Son regard se déplace jusqu’à rencontrer celui de la dame.
Cette dernière sent ses voies respiratoires se resserrer. Prise de palpitations, elle entrouvre la bouche pour laisser entrer l’air qui ne passe pas par ses narines.
Iris tend sa main, et la dame parvient à verser des graines dans sa paume. D’un geste peu sûr, elle plante son index dans la terre de la tombe, et lentement, verse les germes dans les trous. Iris en fait de même, mais entend de plus en plus la respiration de la dame, en même temps que des flux alentours se tendent.
Les chants se manifestent, plus rapides que d’habitudes.
L’aînée expire de façon saccadée, une main sur sa poitrine.
La Marquée se tourne vers la dame, et voit les yeux exorbités, les larmes qui roulent sur ses joues, le souffle qui se perd tandis que les sanglots l’étouffent.
Les gouttes tombent dans la terre, abondent. Les respirations s’étouffent et son buste se gonfle toujours plus anarchiquement alors qu’elle pose la main à terre, l’autre serrant sa poitrine.
Iris lève sa main, proche de celle qui a détourné le visage de sa fille.
Elle veut la poser sur l’épaule de la dame.
Mais quelque chose l’arrête.
Elle sent le plein contrôle de son corps revenir. Sa main ne tremble même pas.
Iris rétracte son geste.
Une longue minute passe, à supporter les sanglots qui se raréfient, le souffle qui se régularise.
La dame regarde ses chaussures, les traces du passage des gouttes sur son pantalon l’a convainc de redresser la tête.
Puis de se relever. Elle passe rapidement un coup de manche sur ses yeux, continuant de ralentir ses expirations.
Iris la regarde faire, les bras le long de son corps.
La voyageuse serre ses poings, se tourne à nouveau vers la tombe, et regarde les graines plantées.
Elle a fait un détour de deux jours, juste pour s’assurer d’en trouver.
« Ces… ces fleurs ne poussent que dans les oasis du Quosib, là où ton père est né, on les appelle les Rousses des sables. »
La fille se tourne vers la dame. Cette dernière, de profil, regarde la tombe.
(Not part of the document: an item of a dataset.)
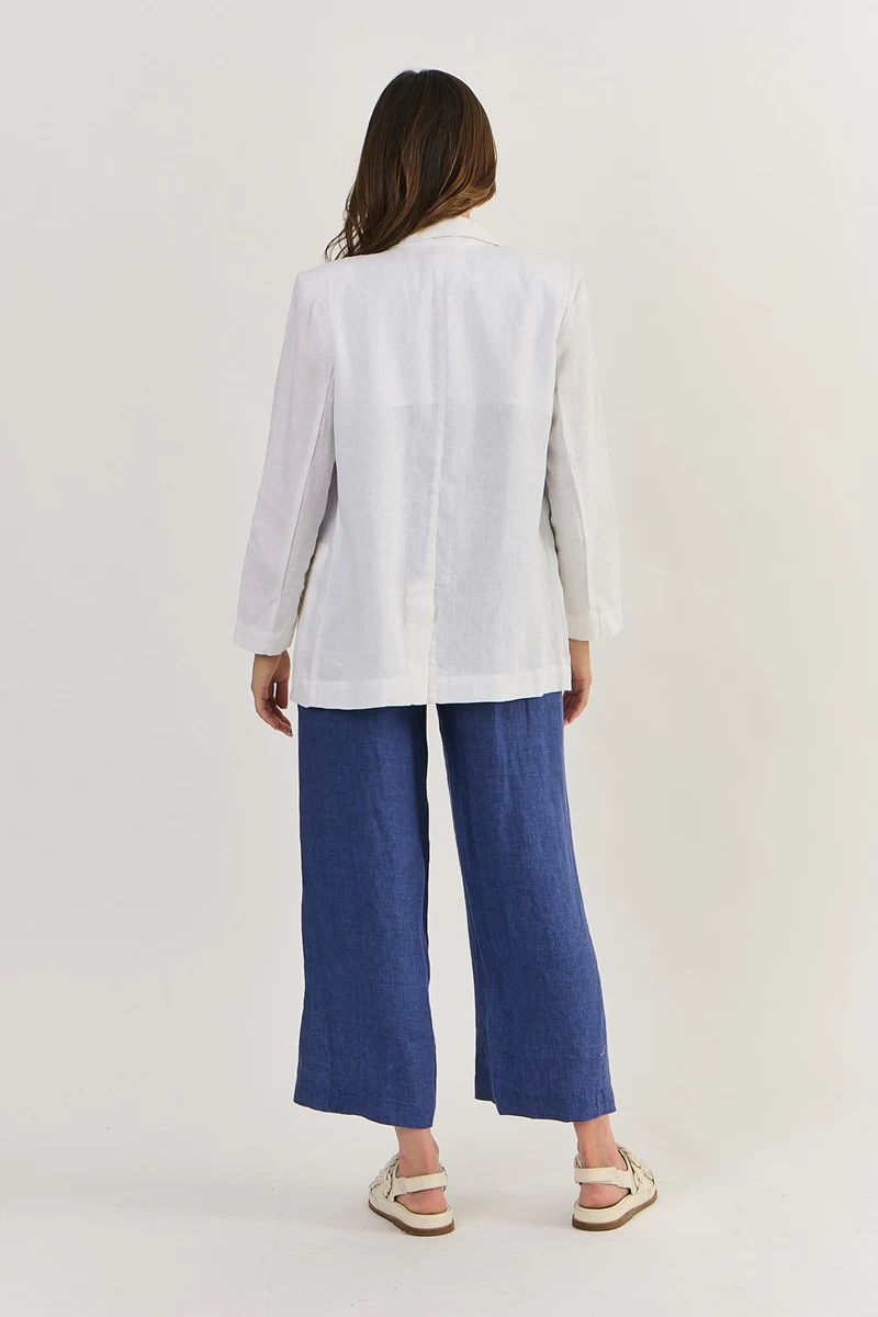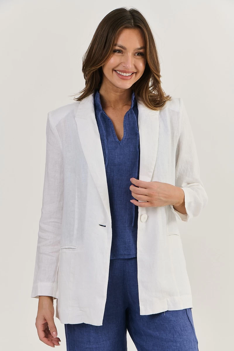 The GA505 is a classic linen jacket, wear it to the office or just out and about. Wide lapels taper to meet a large single button. Letting this jacket be worn closed or open. Roll up the full-length sleeves for a more casual look. Made from 100% linen. The model is 175cm tall and wears a size S equivalent to a size 10

« Il m’a dit qu’il portait cette écharpe, elle prend une inspiration profonde, en souvenir de ces fleurs qu’il aimait bien enfant, parce que quand il en voyait, c’est quand il pouvait remplir sa gourde aux sources proches. »
Iris regarde les quelques graines plantées, et imagine un tapis de fleurs au-dessus de la tombe d’ici quelques mois, en lieu et place de la cendre.
« Tu as déjà vu le Quosib ? »
Elle jette un coup d’œil à sa fille, cette dernière est déjà en train de la regarder. Un instant, elle détourne son regard, puis ferme les yeux, serre les poings, avant de se risquer à une autre œillade.
Iris voit les pupilles de sa mère trembler.
Marion voit celle de sa fille demeurer parfaitement immobiles.
L’enfant secoue la tête, elle n’a jamais vu autre chose que les alentours de Ragwell.
« On t’a parlé des marais salants du Comté de Valsh ? Ou les champs d’Iron ? »
À nouveau, Iris nie sans prononcer le moindre mot.
La dame entrouvre les lèvres, puis les referme. Elle caresse le livre du bout de ses doigts, prend une inspiration dirigée vers le ciel.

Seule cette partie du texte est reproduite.